DIRECTIONS FOR THIS TASK = Please reproduce all of the data below exactly, leaving each picture out.

DATASET EXTRACT =
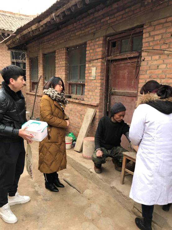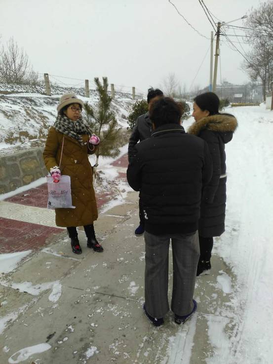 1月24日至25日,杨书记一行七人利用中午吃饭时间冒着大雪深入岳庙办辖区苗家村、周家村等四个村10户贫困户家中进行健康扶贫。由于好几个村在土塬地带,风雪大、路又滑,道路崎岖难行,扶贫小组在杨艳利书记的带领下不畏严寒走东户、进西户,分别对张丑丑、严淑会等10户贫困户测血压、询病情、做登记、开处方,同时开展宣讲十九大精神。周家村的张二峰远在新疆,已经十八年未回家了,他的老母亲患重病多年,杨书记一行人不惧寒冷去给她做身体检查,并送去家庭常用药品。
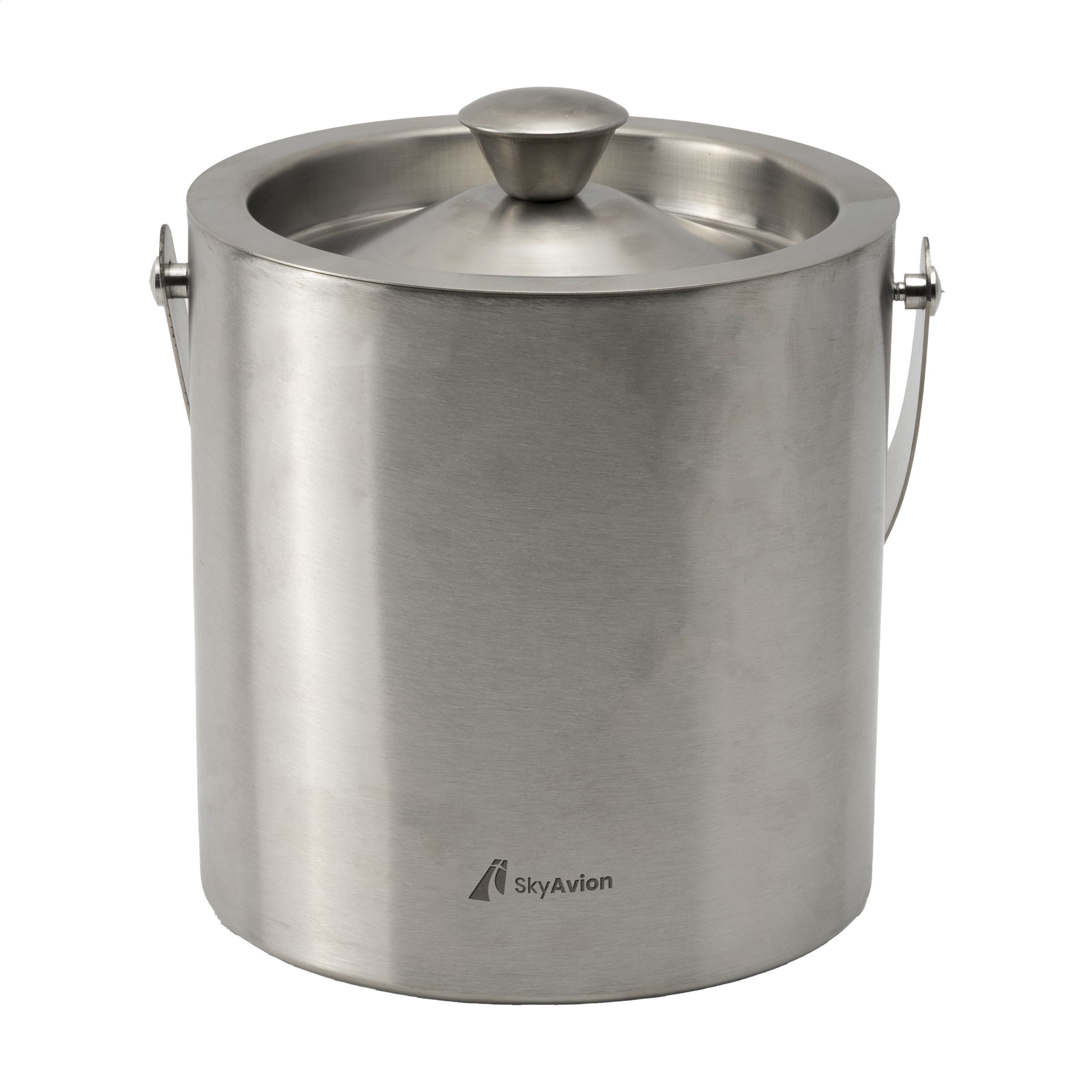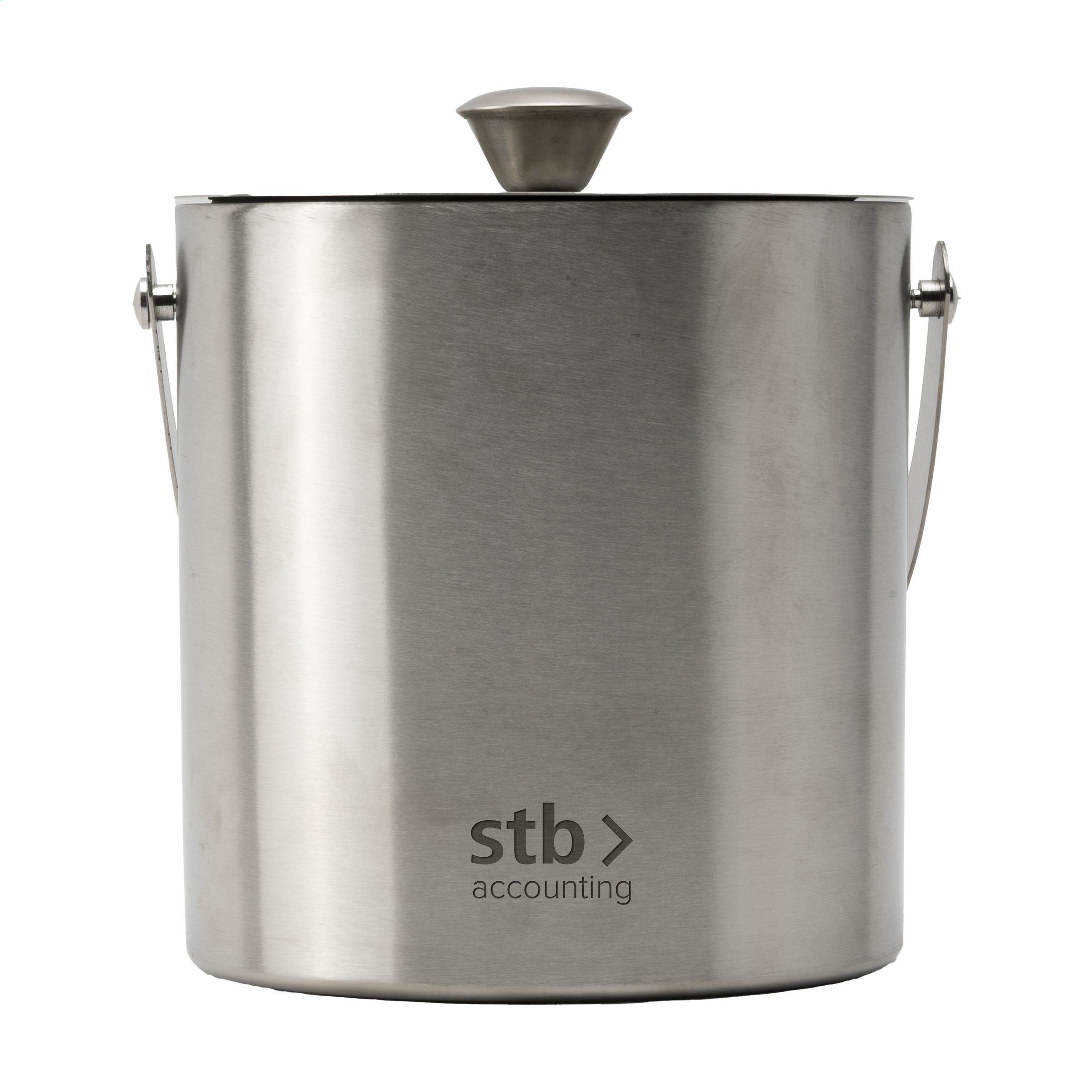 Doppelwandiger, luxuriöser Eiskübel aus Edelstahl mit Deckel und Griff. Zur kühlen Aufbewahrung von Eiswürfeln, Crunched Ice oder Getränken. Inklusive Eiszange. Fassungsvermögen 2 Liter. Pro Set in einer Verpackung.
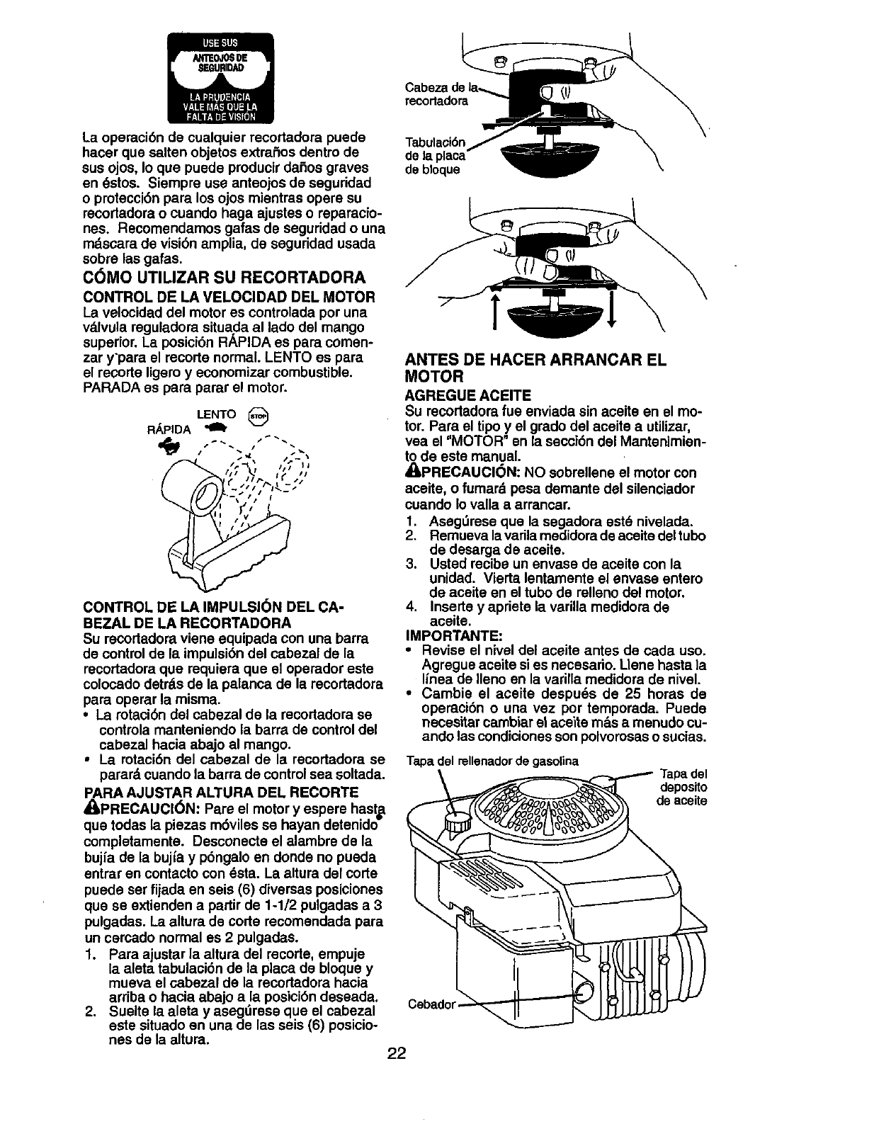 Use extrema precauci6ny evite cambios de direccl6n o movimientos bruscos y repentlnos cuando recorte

EXERCISE RESULT =
 1月24日至25日,杨书记一行七人利用中午吃饭时间冒着大雪深入岳庙办辖区苗家村、周家村等四个村10户贫困户家中进行健康扶贫。由于好几个村在土塬地带,风雪大、路又滑,道路崎岖难行,扶贫小组在杨艳利书记的带领下不畏严寒走东户、进西户,分别对张丑丑、严淑会等10户贫困户测血压、询病情、做登记、开处方,同时开展宣讲十九大精神。周家村的张二峰远在新疆,已经十八年未回家了,他的老母亲患重病多年,杨书记一行人不惧寒冷去给她做身体检查,并送去家庭常用药品。
 Doppelwandiger, luxuriöser Eiskübel aus Edelstahl mit Deckel und Griff. Zur kühlen Aufbewahrung von Eiswürfeln, Crunched Ice oder Getränken. Inklusive Eiszange. Fassungsvermögen 2 Liter. Pro Set in einer Verpackung.
 Use extrema precauci6ny evite cambios de direccl6n o movimientos bruscos y repentlnos cuando recorte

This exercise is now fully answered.